Exercise aim
Verbatim repeat, images excluded. Give each entry again as written.

Records provided
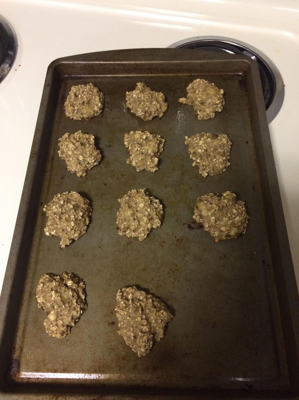 The supplies! 2 bananas 1 cup of oats Medium sized bowl Greased cookie sheet 1 fork and spoon
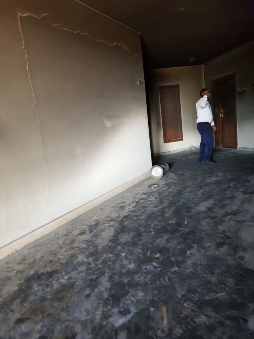 Flur, nach dem Brand
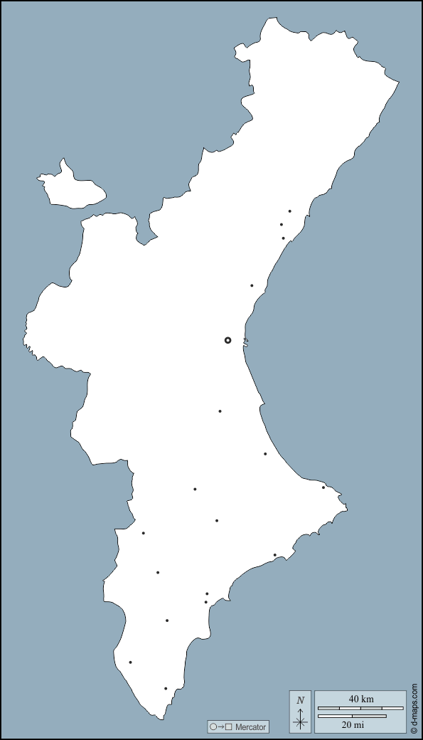 d-maps > यूरोप > स्पेन > वैलेंसियाई समुदाय > बाह्यरेखा, मुख्य शहरों
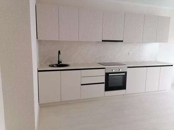 На кухне установлен кухонный гарнитур со всей необходимой техникой: варочная поверхность, духовой шкаф, вытяжка всё новое и добротное. Хороший смеситель и стильная раковина, на мебели дорогая фурнитура. Сан/узел - с сантехникой, балкон остеклен.
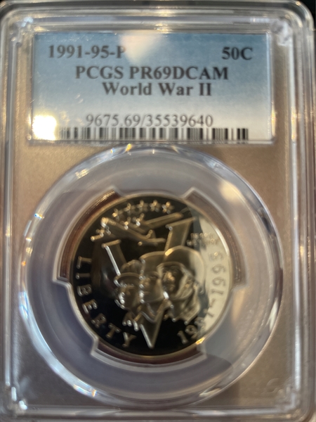 1991-95-P 50C World War II, DCAM PR69DCAM Certification #35539640, PCGS #9675
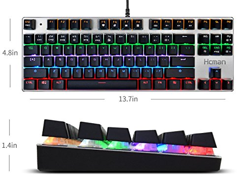 Design Idea: 87 key mechanical keyboard, Aluminum alloy panel, narrow design, double-shot injection molded floating ABS keycaps, two rubberized holders and two fold holers to prevent it from slip, great for ergonomical design. USB connector stand up to hardcore gaming directly and suitable for Windows 7, Windows 8, Windows 10, Windows XP, Vista, Mac OS
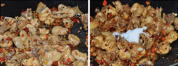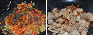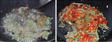 10、加入干辣椒段和剁碎的小米椒翻炒均匀。
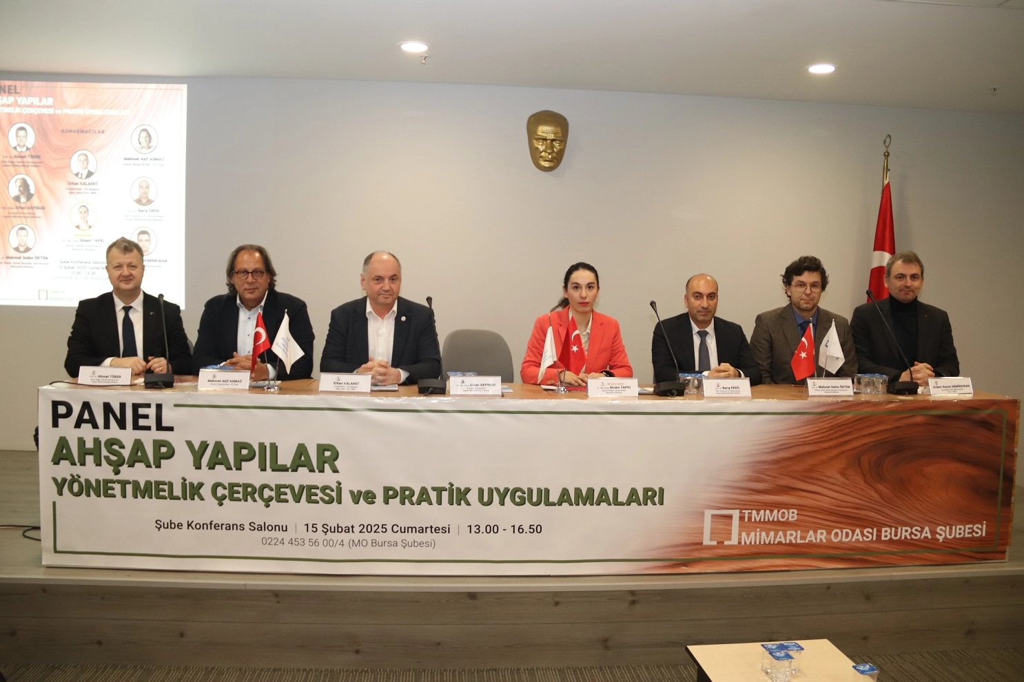 Bursa Teknik Üniversitesi Mimarlık Bölümü Dr. Öğretim Üyesi Sinem Tapkı’nın moderatörlüğünde gerçekleştirilen panelde; ODTÜ İnşaat Mühendisliği Bölümü’nden Prof. Dr. Ahmet Türer, Ulusal Ahşap Birliği Yönetim Kurulu Üyesi Mehmet Akif Asmaz, AHŞAPDER Yönetim Kurulu Başkanı Ağaç İşleri Endüstri Mühendisi Erkan Kalafat, Kocaeli Üniversitesi İnşaat Mühendisliği Bölümü’nden Dr. Öğretim Üyesi Erkan Akpınar, Van Yüzüncü Yıl Üniversitesi İnşaat Mühendisliği Bölümü’nden Doç. Dr. Barış Erdil, Mimar Sinan Güzel Sanatlar Üniversitesi Mimarlık Bölümü’nden Doç. Dr. Mehmet Selim Ökten ve Yapıstatik Proje Mühendislik firmasından İnşaat Yüksek Mühendisi Erdem Kazım Demirkıran konuşmacı olarak yer aldı.
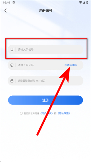 3、想注冊賬號頁面,輸入手機(jī)號碼,點擊獲取驗證碼,并輸入驗證碼。
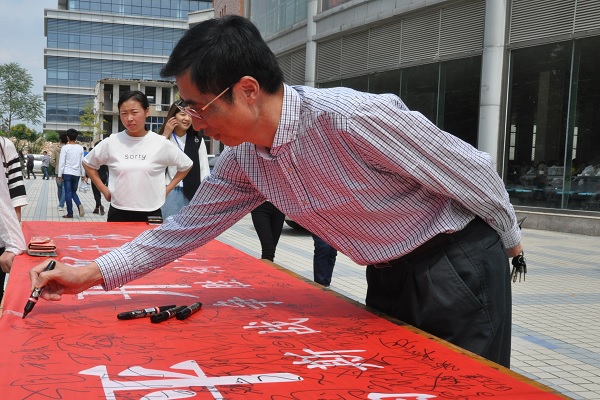 在举国上下庆祝中国抗日战争胜利纪念日暨世界反法西斯战争胜利70周年之际,9月14日上午,我院在学生餐厅前前举办了“纪念中国人民抗日战争暨世界反法西斯战争胜利70周年”师生签名活动和图片展。活动在课间启动,吸引了不少过往师生的热情参与。 图片展示了1931年“九·一八事变”到1945年日本无条件投降的14年中,无数中华儿女为了民族解放,不惜抛头颅、洒热血。整个抗战凝结出了伟大的抗战精神,向世界展示了中国人民天下兴亡、匹夫有责的爱国情怀,视死如归、宁死不屈的民族气节,不畏强暴、血战到底的英雄气概和百折不挠、坚韧不拔的必胜信念。一张张黑白照片串成不能忘却的纪念,使师生们深受教育和鼓舞,观看之余,他们还纷纷在“铭记历史 缅怀先烈 珍爱和平 开创未来”的横幅上认真地写下了自己的名字。 学院举办纪念抗战胜利70周年系列活动,旨在引导广大师生牢记历史,不忘过去,珍惜和平,开创未来,不断增强民族自尊心、自信心和自豪感,增强忧患意识及社会责任感和使命感,为实现中华民族伟大复兴的中国梦而努力奋斗。 院长蒋留生、副院长刘明生等有关领导也参与了此次活动。
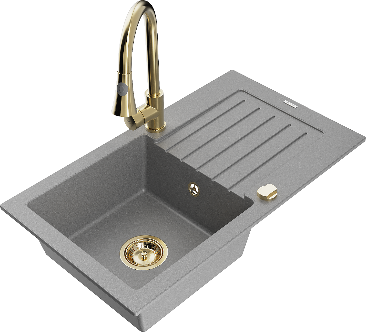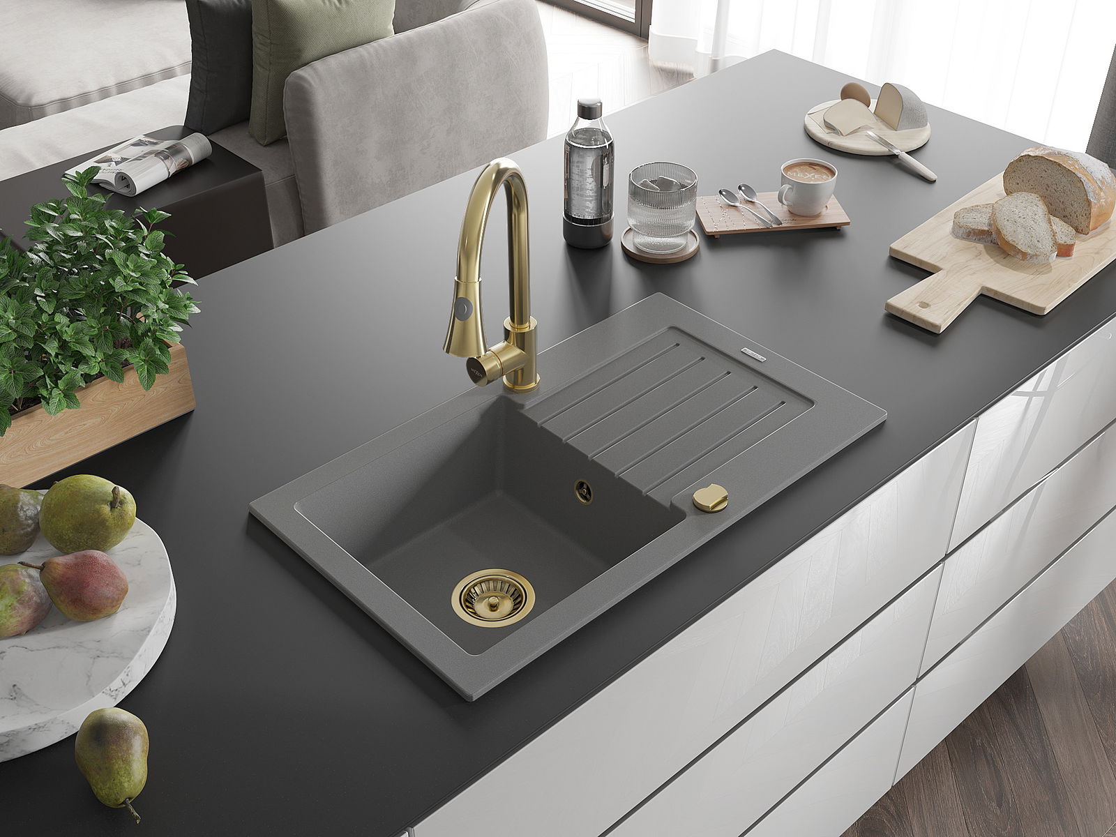 Mexen Pablo chiuvetă de bucătărie din granit cu 1 cuvă cu picurător și baterie de bucătărie Elia, gri - 6510-71-670101-50
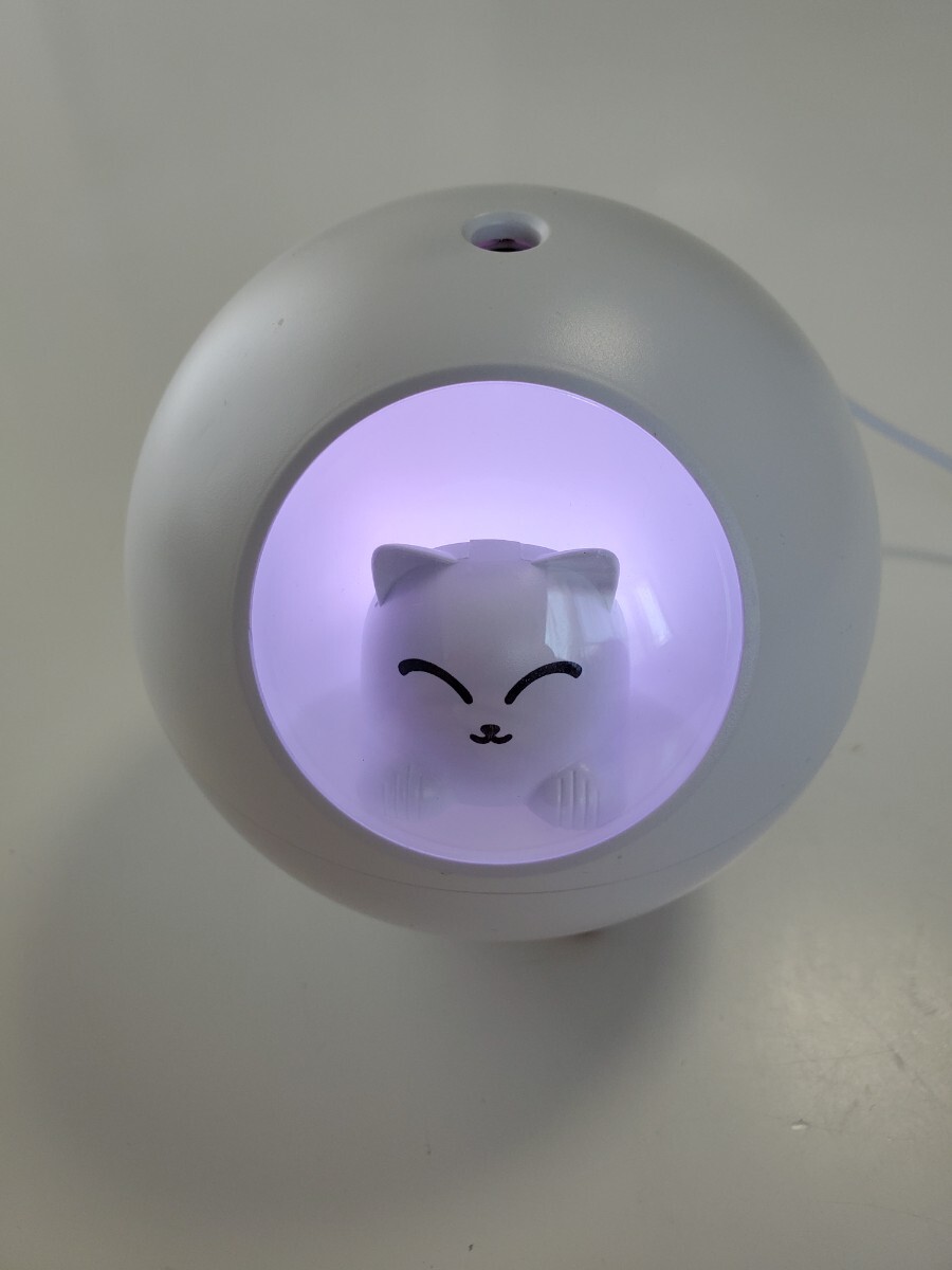 - 点検の為に使用 新品でした!! 加湿器 卓上 可愛い 猫ちゃん ネコ レインボーにライトアップ♪ 乾燥対策 USB接続 白猫 お買い得

Answer box
 The supplies! 2 bananas 1 cup of oats Medium sized bowl Greased cookie sheet 1 fork and spoon
 Flur, nach dem Brand
 d-maps > यूरोप > स्पेन > वैलेंसियाई समुदाय > बाह्यरेखा, मुख्य शहरों
 На кухне установлен кухонный гарнитур со всей необходимой техникой: варочная поверхность, духовой шкаф, вытяжка всё новое и добротное. Хороший смеситель и стильная раковина, на мебели дорогая фурнитура. Сан/узел - с сантехникой, балкон остеклен.
 1991-95-P 50C World War II, DCAM PR69DCAM Certification #35539640, PCGS #9675
 Design Idea: 87 key mechanical keyboard, Aluminum alloy panel, narrow design, double-shot injection molded floating ABS keycaps, two rubberized holders and two fold holers to prevent it from slip, great for ergonomical design. USB connector stand up to hardcore gaming directly and suitable for Windows 7, Windows 8, Windows 10, Windows XP, Vista, Mac OS
 10、加入干辣椒段和剁碎的小米椒翻炒均匀。
 Bursa Teknik Üniversitesi Mimarlık Bölümü Dr. Öğretim Üyesi Sinem Tapkı’nın moderatörlüğünde gerçekleştirilen panelde; ODTÜ İnşaat Mühendisliği Bölümü’nden Prof. Dr. Ahmet Türer, Ulusal Ahşap Birliği Yönetim Kurulu Üyesi Mehmet Akif Asmaz, AHŞAPDER Yönetim Kurulu Başkanı Ağaç İşleri Endüstri Mühendisi Erkan Kalafat, Kocaeli Üniversitesi İnşaat Mühendisliği Bölümü’nden Dr. Öğretim Üyesi Erkan Akpınar, Van Yüzüncü Yıl Üniversitesi İnşaat Mühendisliği Bölümü’nden Doç. Dr. Barış Erdil, Mimar Sinan Güzel Sanatlar Üniversitesi Mimarlık Bölümü’nden Doç. Dr. Mehmet Selim Ökten ve Yapıstatik Proje Mühendislik firmasından İnşaat Yüksek Mühendisi Erdem Kazım Demirkıran konuşmacı olarak yer aldı.
 3、想注冊賬號頁面,輸入手機(jī)號碼,點擊獲取驗證碼,并輸入驗證碼。
 在举国上下庆祝中国抗日战争胜利纪念日暨世界反法西斯战争胜利70周年之际,9月14日上午,我院在学生餐厅前前举办了“纪念中国人民抗日战争暨世界反法西斯战争胜利70周年”师生签名活动和图片展。活动在课间启动,吸引了不少过往师生的热情参与。 图片展示了1931年“九·一八事变”到1945年日本无条件投降的14年中,无数中华儿女为了民族解放,不惜抛头颅、洒热血。整个抗战凝结出了伟大的抗战精神,向世界展示了中国人民天下兴亡、匹夫有责的爱国情怀,视死如归、宁死不屈的民族气节,不畏强暴、血战到底的英雄气概和百折不挠、坚韧不拔的必胜信念。一张张黑白照片串成不能忘却的纪念,使师生们深受教育和鼓舞,观看之余,他们还纷纷在“铭记历史 缅怀先烈 珍爱和平 开创未来”的横幅上认真地写下了自己的名字。 学院举办纪念抗战胜利70周年系列活动,旨在引导广大师生牢记历史,不忘过去,珍惜和平,开创未来,不断增强民族自尊心、自信心和自豪感,增强忧患意识及社会责任感和使命感,为实现中华民族伟大复兴的中国梦而努力奋斗。 院长蒋留生、副院长刘明生等有关领导也参与了此次活动。
 Mexen Pablo chiuvetă de bucătărie din granit cu 1 cuvă cu picurător și baterie de bucătărie Elia, gri - 6510-71-670101-50
 - 点検の為に使用 新品でした!! 加湿器 卓上 可愛い 猫ちゃん ネコ レインボーにライトアップ♪ 乾燥対策 USB接続 白猫 お買い得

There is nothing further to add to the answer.